Le jugement de Mirbeau sur les savants est ambivalent. D’un côté, en tant que matérialiste et héritier des Lumières, attaché à la méthode scientifique, parce qu’elle est la seule capable de faire progresser la compréhension des lois de na nature, force lui est de voir dans le savant le dépositaire des connaissances scientifiques et le responsable du progrès des lumières. Aussi a-t-il tendance à attendre d’eux monts et merveilles, se gorge-t-il de littérature scientifique et s’enthousiasme-t-il devant des réalisations révolutionnaires telles que la « fée électricité » ou l’automobile. Mais, d’un autre côté, il ne cesse de manifester la plus grande méfiance à l’égard de nombreux savants, dont il donne le plus souvent une image peu flatteuse. Pourquoi ?

* Soit parce qu’il s’agit de faux savants, à l’instar du Dr Triceps de L'Épidémie (1898) et des 21 jours d’un neurasthénique (1901), partisan acritique des thèses de Lombroso, sociobiologiques avant la lettre, qu’il croit démontrer par des expériences absurdes qui se retournent contre elles, ou d’Édouard Legrel, dans Dingo (1913), à qui ses « beaux et hardis travaux sur la myologie de l’araignée » ont valu une célébrité mondiale, bien que Mirbeau-personnage n’ait pas la moindre idée de leur nature, de leur beauté ni de leur hardiesse.

* Soit parce qu’ils abusent de leur pouvoir pour imposer à leurs contemporains une idéologie plus que suspecte, à l’instar de Cesare Lombroso (voir la notice) et, plus généralement, des scientistes, que Mirbeau cloue au pilorie d’infamie : ils constituent, à ses yeux, une caste privilégiée au service des nouveaux maîtres du monde et tendent à faire de la science un nouvel opium du peuple, succédané des anciennes religions.
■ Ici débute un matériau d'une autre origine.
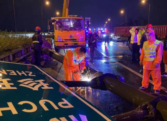 昨晚十點(diǎn),南京市公路中心江北公路站在處置倒伏的路燈桿件。 通訊員 孫逸飛 南京日?qǐng)?bào)/紫金山新聞?dòng)浾?董家訓(xùn) 徐琦 攝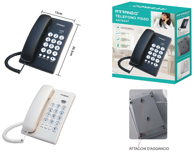 TELEFONO FISSO 10 NUMERI TASTI GRANDI BIANCO-NERO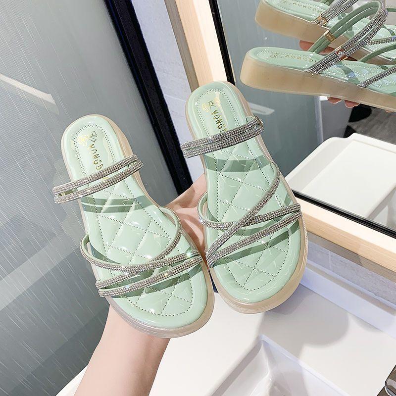 Zwei tragen Feenstil-Sandalen, Damen 2025 neue Damenmode Keilabsatz Strass trendy vielseitig coole Hausschuhe, Damen Sommer tragen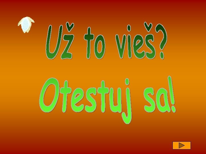 Klikni na tlačidlo s odpoveďou ÁNO BLAHOŽELÁM! NIE Nesmúť! Verím, že keď si prezrieš celú prezentáciu ešte raz. . . URČITE USPEJEŠ! DRŽÍM TI PALCE!

* Soit parce qu’en toute inconscience ils ne se soucient nullement des effets à long terme, souvent dévastateurs, des applications de leurs découvertes, qui pourraient très fort bien menacer l’équilibre écologique et détruire la planète (voir par exemple « Nocturne », Le Journal, 19 juillet 1900, et « Questions sociales », Le Journal, 18 février 1900).

* Soit enfin, parce que, en dépit de leur méthode réputée scientifique, ils peuvent fort bien faire preuve d’une désarmante naïveté, comme Mirbeau le confie à Georges Meunier, en 1911 : « Un savant ou prétendu tel est presque toujours un être étrangement naïf, extraordinairement gobeur, et singulièrement empressé à prendre des vessies pour des lanternes. Totalement dépourvu d’imagination, le savant n’en est pourtant pas moins le plus grand chevaucheur de chimères que je connaisse. Toute sa science se réduit à un certain nombre d’hypothèses plus ou moins ingénieuses et dont quelques-unes feraient rire à se tordre un enfant de dix ans. [...] J’ai découvert, dans des ouvrages “scientifiques” écrits par des hommes qui passent  pour de très grands savants, des propositions qui, pour être formulées en des termes fort graves, atteignent cependant les plus hauts sommets du comique. »

Si la science progresse, c’est bien grâce aux savants, que Mirbeau admire vivement pour cela. Mais, pour lui, c’est aussi en dépit de l’obstacle que constituent les savants eux-mêmes, avec leurs faiblesses et leurs contradictions.

Voir aussi les notices Matérialisme, Scientisme, Médecins, Écologie et Lombroso. 

P. M.

 

Bibliographie : Georges Meunier, Ce qu'ils pensent du merveilleux, Albin Michel, 1911, pp. 255-266 ; Pierre Michel, « Mirbeau et le concept de modernité », Cahiers Octave Mirbeau, n° 8, 2001,  pp. 11-32.